WORK INSTRUCTION:
Write out exactly, and only, the lines below from the line with "Included Wood Iron" through the line with "Gold Plated Silver"; pictures do not belong in the copy.

GIVEN ENTRIES:
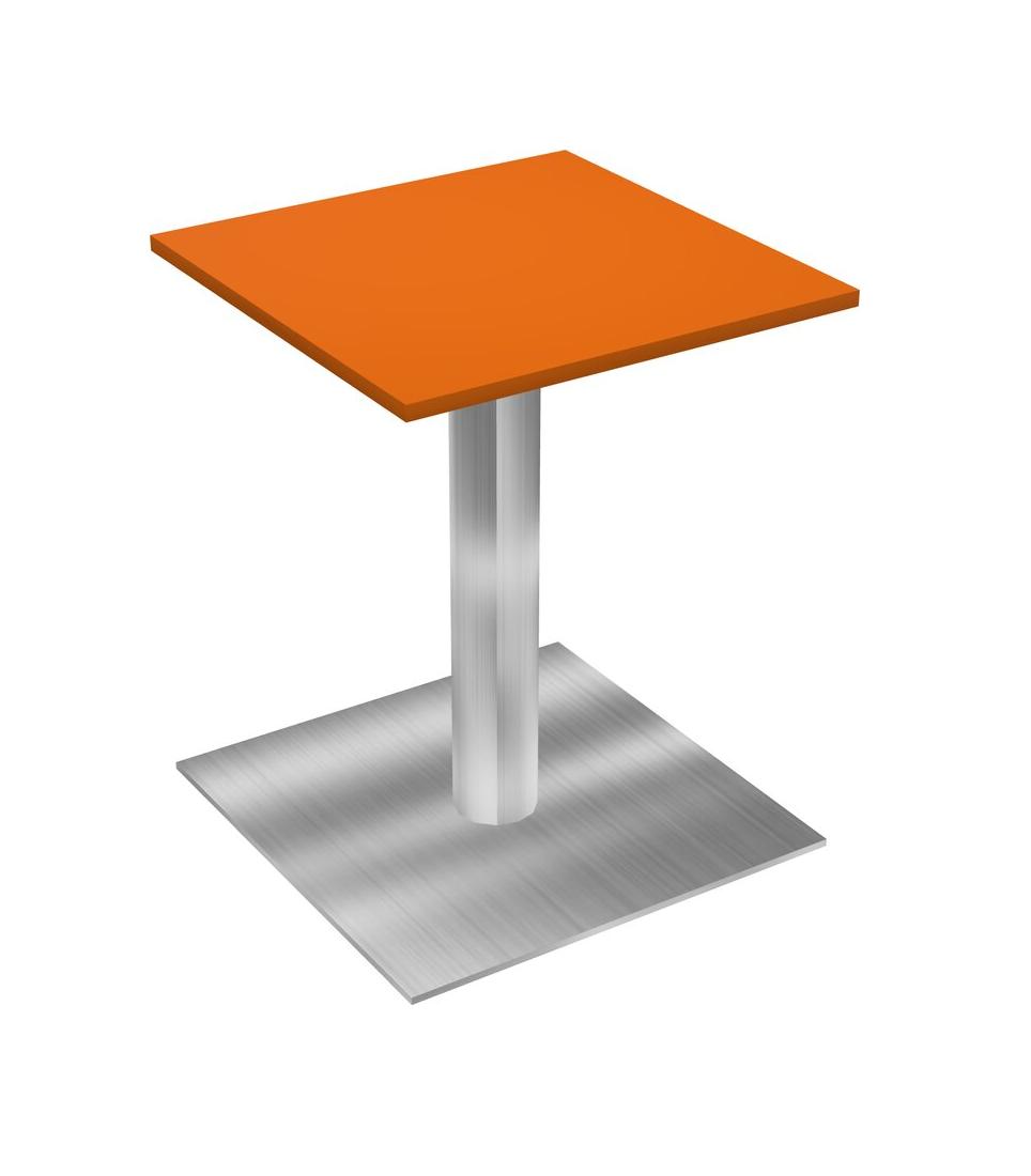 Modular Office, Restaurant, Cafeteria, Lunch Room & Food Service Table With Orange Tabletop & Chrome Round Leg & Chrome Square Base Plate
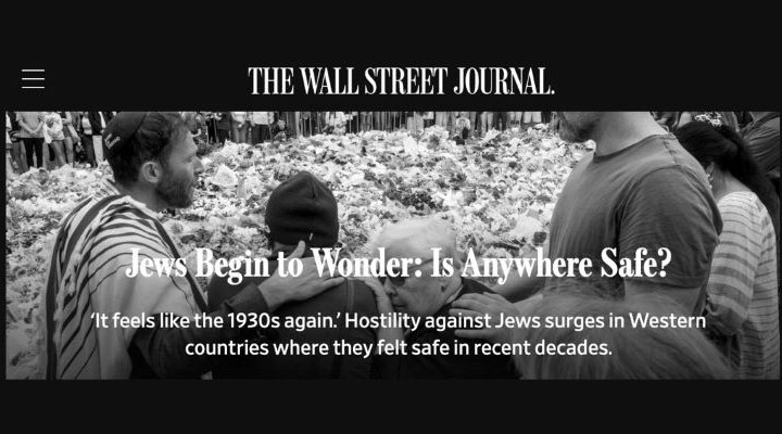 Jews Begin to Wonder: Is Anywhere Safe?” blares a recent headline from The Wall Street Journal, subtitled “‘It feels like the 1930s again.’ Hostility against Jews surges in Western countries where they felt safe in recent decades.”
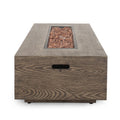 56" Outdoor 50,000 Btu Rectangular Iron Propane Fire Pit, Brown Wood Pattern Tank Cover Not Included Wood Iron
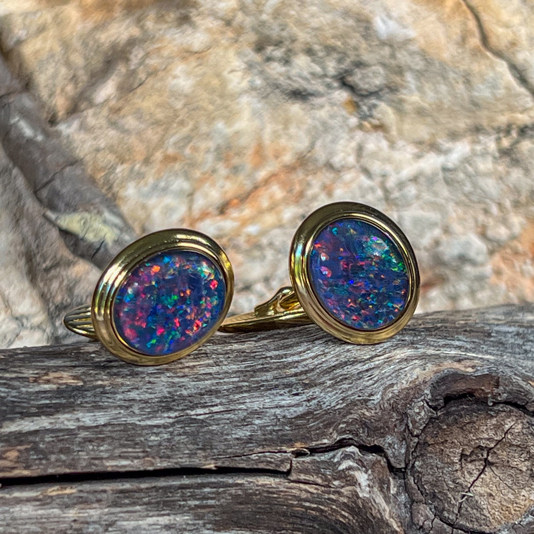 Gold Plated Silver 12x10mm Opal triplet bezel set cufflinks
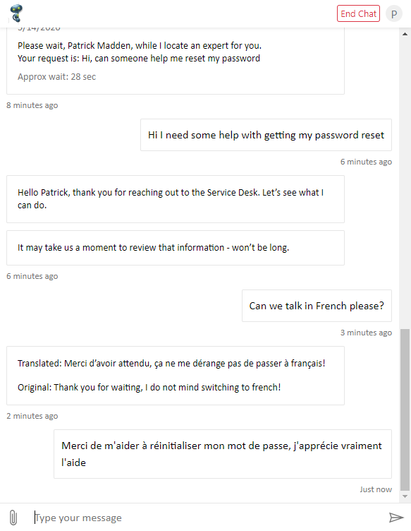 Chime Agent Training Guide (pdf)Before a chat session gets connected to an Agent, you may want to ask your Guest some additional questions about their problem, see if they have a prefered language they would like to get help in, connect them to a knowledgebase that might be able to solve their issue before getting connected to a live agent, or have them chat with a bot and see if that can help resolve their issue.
--
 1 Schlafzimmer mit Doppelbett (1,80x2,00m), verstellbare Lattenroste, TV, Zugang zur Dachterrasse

RESPONSE BOX:
 56" Outdoor 50,000 Btu Rectangular Iron Propane Fire Pit, Brown Wood Pattern Tank Cover Not Included Wood Iron
 Gold Plated Silver 12x10mm Opal triplet bezel set cufflinks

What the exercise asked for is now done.